Leia um trecho de Judas:

“Eis aí uma história dos dias de inverno no final de 1959 e início de 1960. Nesta história há erro e desejo, há amor frustrado e certa questão religiosa que ficou aqui sem resposta. Em alguns prédios ainda se reconhecem os sinais da guerra que há dez anos dividiu a cidade. Ao fundo dá para ouvir o toque distante de um acordeão ou os sons nostálgicos de uma gaita ao entardecer, por trás de uma persiana cerrada.

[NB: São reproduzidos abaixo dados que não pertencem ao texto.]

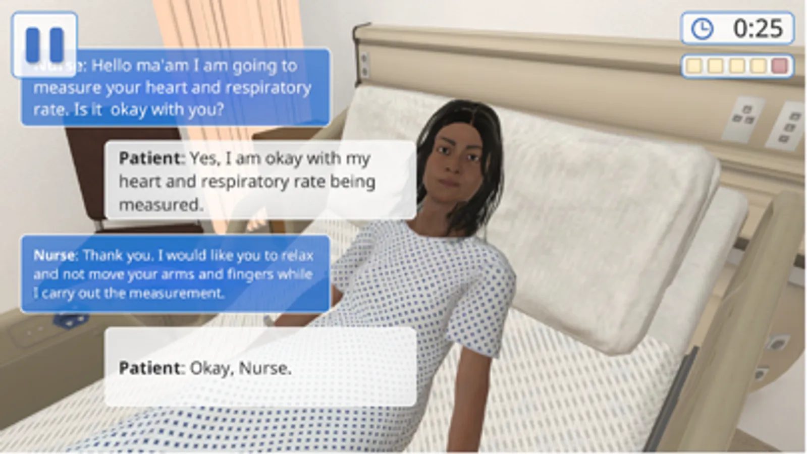 Heart Rate & Respiration Rate Monitoring Game, a serious game for healthcare training, provides healthcare workers focal training on performing heart rate and respiratory rate measurement for inpatients.
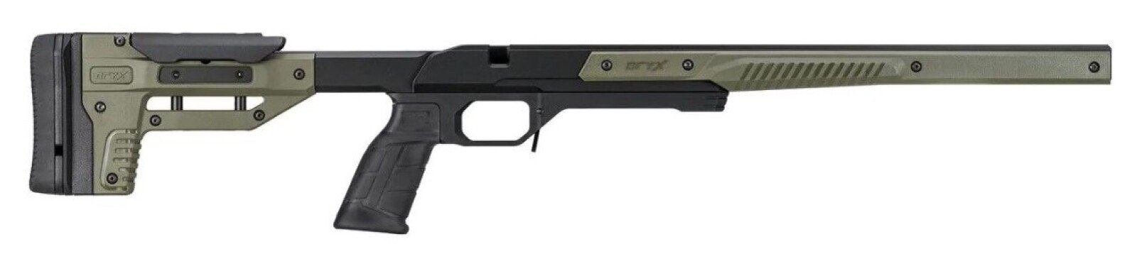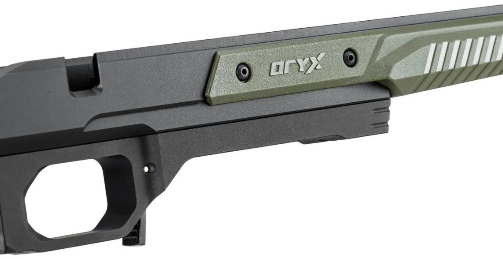 Das ORYX-Chassis wurde als kostengünstige Alternative zu einem herkömmlichen Repetierbüchsen- oder 10/22-Gewehrschaft entwickelt. Der ORYX wurde sowohl im Hinblick auf die Reichweite als auch auf das Führen bei der Jagd entwickelt. Durch sein spezielles Design bietet es überlegene Ergonomie.

Em muitas residências de Jerusalém é possível ver na parede da sala de estar o redemoinho de estrelas de Van Gogh ou a ardência de seus ciprestes, e nos pequenos quartos ainda estão estendidas esteiras de palha, e um exemplar de Iemei Tziklag ou de Doutor Jivago virado e aberto na beirada de um colchão de espuma coberto com um pedaço de tecido de motivo oriental e um monte de almofadas bordadas. Durante a noite inteira um aquecedor a querosene arde com uma chama azul. De dentro de um cartucho de obus no canto da sala cresce uma espécie de ramalhete estilizado feito de ramos de espinheiro.

No início de dezembro Shmuel Asch interrompeu seus estudos na universidade e pretendia ir embora de Jerusalém, por causa de um amor frustrado, devido a uma pesquisa que empacou e principalmente porque a situação econômica de seu pai despencara e Shmuel se via obrigado a procurar algum trabalho”.